[Source records]
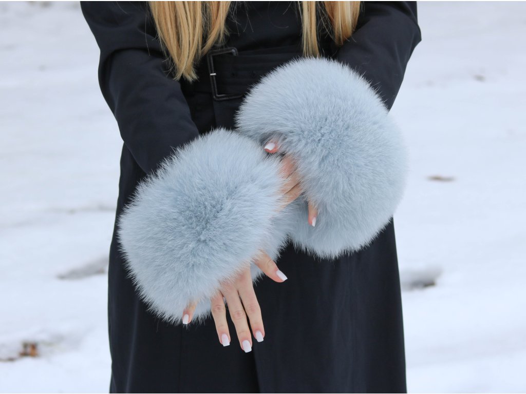 Kožešinové manžety z polární lišky 04 světle šedomodré
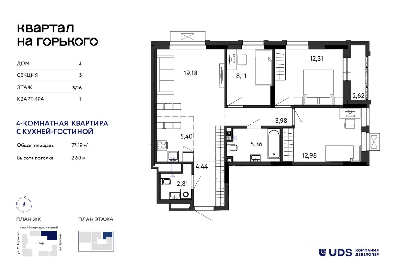 Два дома уже построены и заселены. Идёт строительство последнего дома комплекса — можно переехать сразу в готовую инфраструктуру в центре Ижевска. ''Квартал на Горького'' — современный жилой комплекс от UDS в историческом центре Ижевска: — 10 минут до набережной и Летнего сада — 2 минуты до остановки, 22 маршрута транспорта — Школа 25, школа искусств 2, детские сады и театры — в шаговой доступности — Невысокая застройка — дома от 6 до 16 этажей — Огороженный двор без машин, безопасный для детей — Планировки - от студий до трехкомнатных — Индивидуальные кладовые
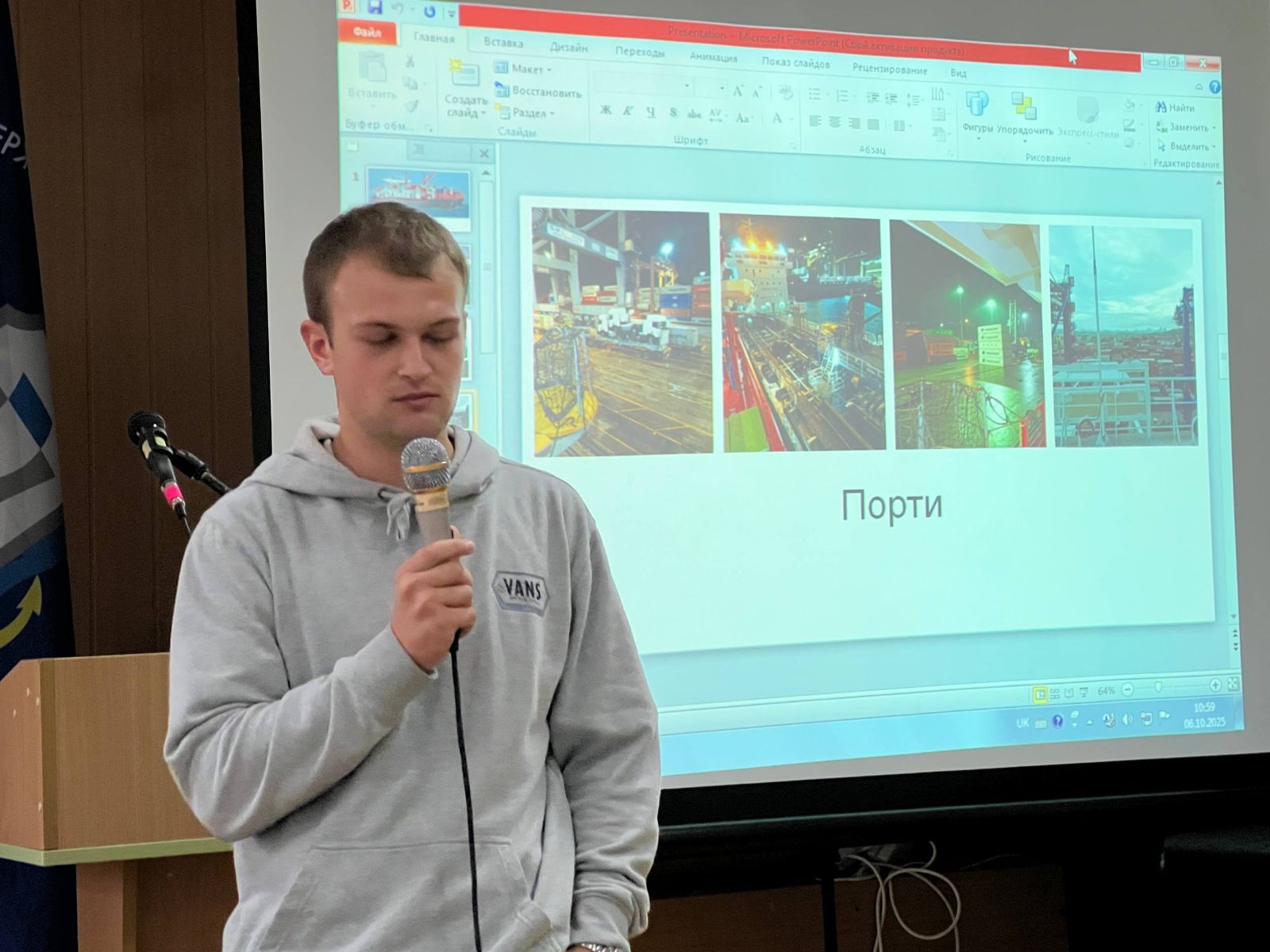 Студенти інституту Микола Дудка (освітня програма «Навігація та управління морськими суднами») та Христина Мазепа (освітня програма «Управління судновими технічними системами та комплексами») зробили презентації своїх останніх плавань та розповіли про рейси в статусі кадетів.
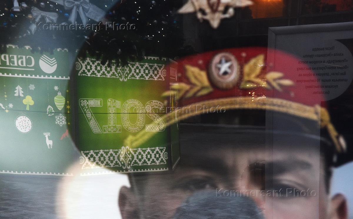 Жанровая фотография. Военнослужащий на фоне уличного новогоднего украшения.
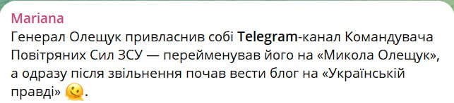 После отставки генерал Олещук присвоил телеграм-канал командующего Воздушными силами ВСУ - Безуглая
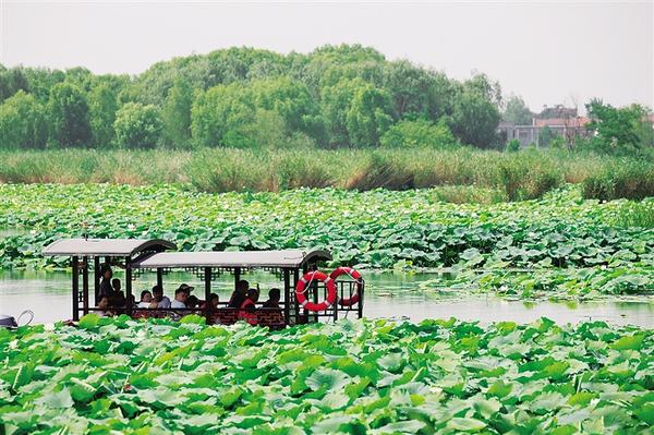 在淮阳龙湖湖畔,夏日的微风轻轻拂过,带来了荷花的淡淡清香。湖面上,荷叶翠绿如盖、层层叠叠,宛如一幅生动的绿色画卷。图为6月23日,在淮阳龙湖绿色的海洋中,荷花正含苞待放,静静地等待着宾客的到来。记者 刘俊涛 摄
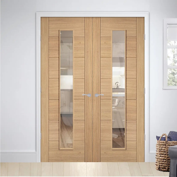 Carini Oak Long Light Clear Glazed Fully Finished Door Pair
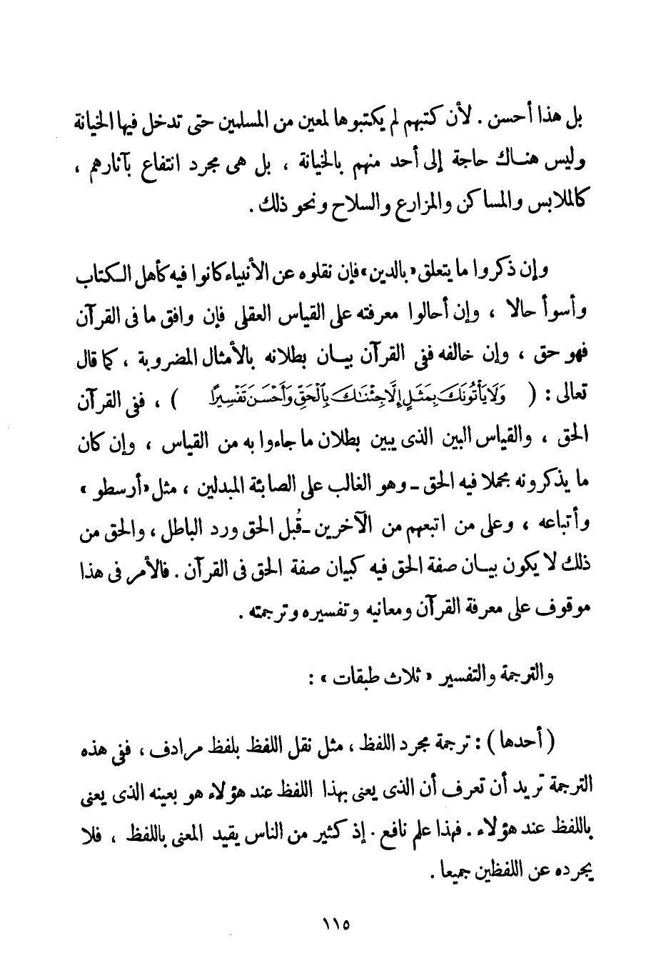 بَلْ هَذَا أَحْسَنُ. لِأَنَّ كُتُبَهُمْ لَمْ يَكْتُبُوهَا لِمُعَيَّنِ مِنْ الْمُسْلِمِينَ حَتَّى تَدْخُلَ فِيهَا الْخِيَانَةُ لَيْسَ هُنَاكَ حَاجَةٌ إلَى أَحَدٍ مِنْهُمْ بِالْخِيَانَةِ بَلْ هِيَ مُجَرَّدُ انْتِفَاعٍ بِآثَارِهِمْ كَالْمَلَابِسِ وَالْمَسَاكِنِ وَالْمَزَارِعِ وَالسِّلَاحِ وَنَحْوِ ذَلِكَ. وَإِنْ ذَكَرُوا مَا يَتَعَلَّقُ " بِالدِّينِ " فَإِنْ نَقَلُوهُ عَنْ الْأَنْبِيَاءِ كَانُوا فِيهِ كَأَهْلِ الْكِتَابِ وَأَسْوَأِ حَالًا وَإِنْ أَحَالُوا مَعْرِفَتَهُ عَلَى الْقِيَاسِ الْعَقْلِيِّ فَإِنْ وَافَقَ مَا فِي الْقُرْآنِ فَهُوَ حَقٌّ وَإِنْ خَالَفَهُ فَفِي الْقُرْآنِ بَيَانُ بُطْلَانِهِ بِالْأَمْثَالِ الْمَضْرُوبَةِ كَمَا قَالَ تَعَالَى: {وَلَا يَأْتُونَكَ بِمَثَلٍ إلَّا جِئْنَاكَ بِالْحَقِّ وَأَحْسَنَ تَفْسِيرًا} فَفِي الْقُرْآنِ الْحَقُّ وَالْقِيَاسُ الْبَيِّنُ الَّذِي يُبَيِّنُ بُطْلَانَ مَا جَاءُوا بِهِ مِنْ الْقِيَاسِ وَإِنْ كَانَ مَا يَذْكُرُونَهُ مُجْمَلًا فِيهِ الْحَقُّ - وَهُوَ الْغَالِبُ عَلَى الصَّابِئَةِ الْمُبَدِّلِينَ مِثْلُ " أَرِسْطُو " وَأَتْبَاعِهِ وَعَلَى مَنْ اتَّبَعَهُمْ مِنْ الْآخَرِينَ - قَبْلَ الْحَقِّ وَرَدِّ الْبَاطِلِ وَالْحَقُّ مِنْ ذَلِكَ لَا يَكُونُ بَيَانُ صِفَةِ الْحَقِّ فِيهِ كَبَيَانِ صِفَةِ الْحَقِّ فِي الْقُرْآنِ. فَالْأَمْرُ فِي هَذَا مَوْقُوفٌ عَلَى مَعْرِفَةِ الْقُرْآنِ وَمَعَانِيهِ وَتَفْسِيرِهِ وَتَرْجَمَتِهِ.
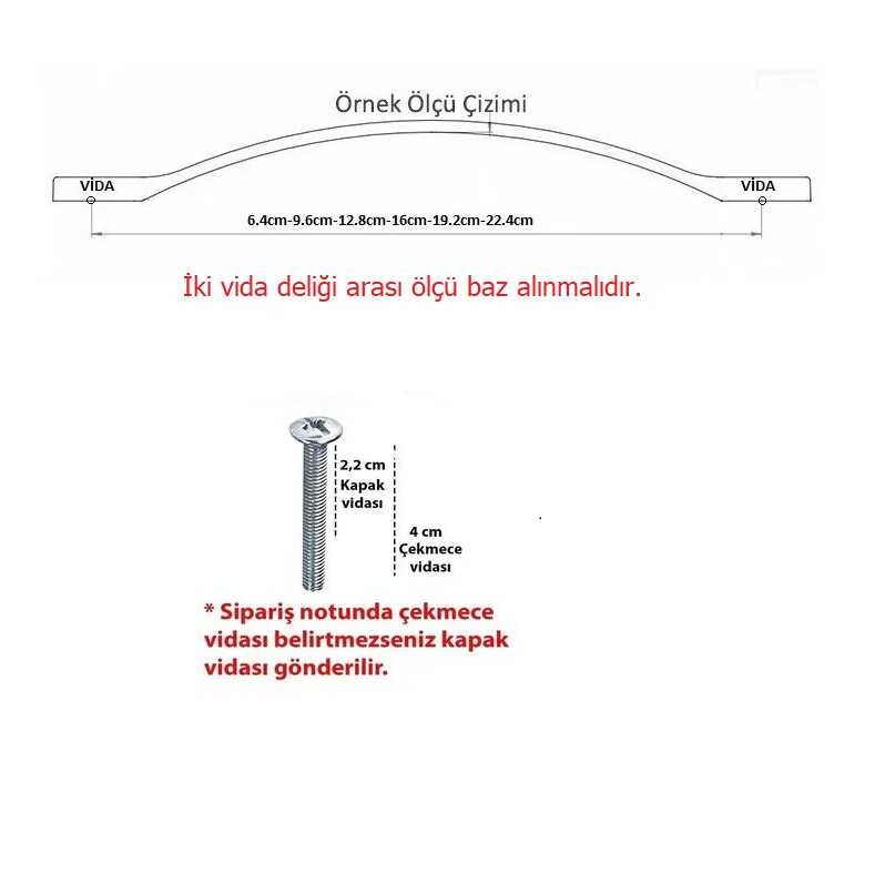 Ürün Uzunluğu, ürün adında belirtilmiştir. (iki vida deliği arası mesafe)

- _Task instructions_: Since the pictures are not part of the copy, please transcribe only the lines above from the one with "Жанровая фотография. Военнослужащий" through the one with "После отставки генерал", exactly and with both ends.

- _Output for this task_:
 Жанровая фотография. Военнослужащий на фоне уличного новогоднего украшения.
 После отставки генерал Олещук присвоил телеграм-канал командующего Воздушными силами ВСУ - Безуглая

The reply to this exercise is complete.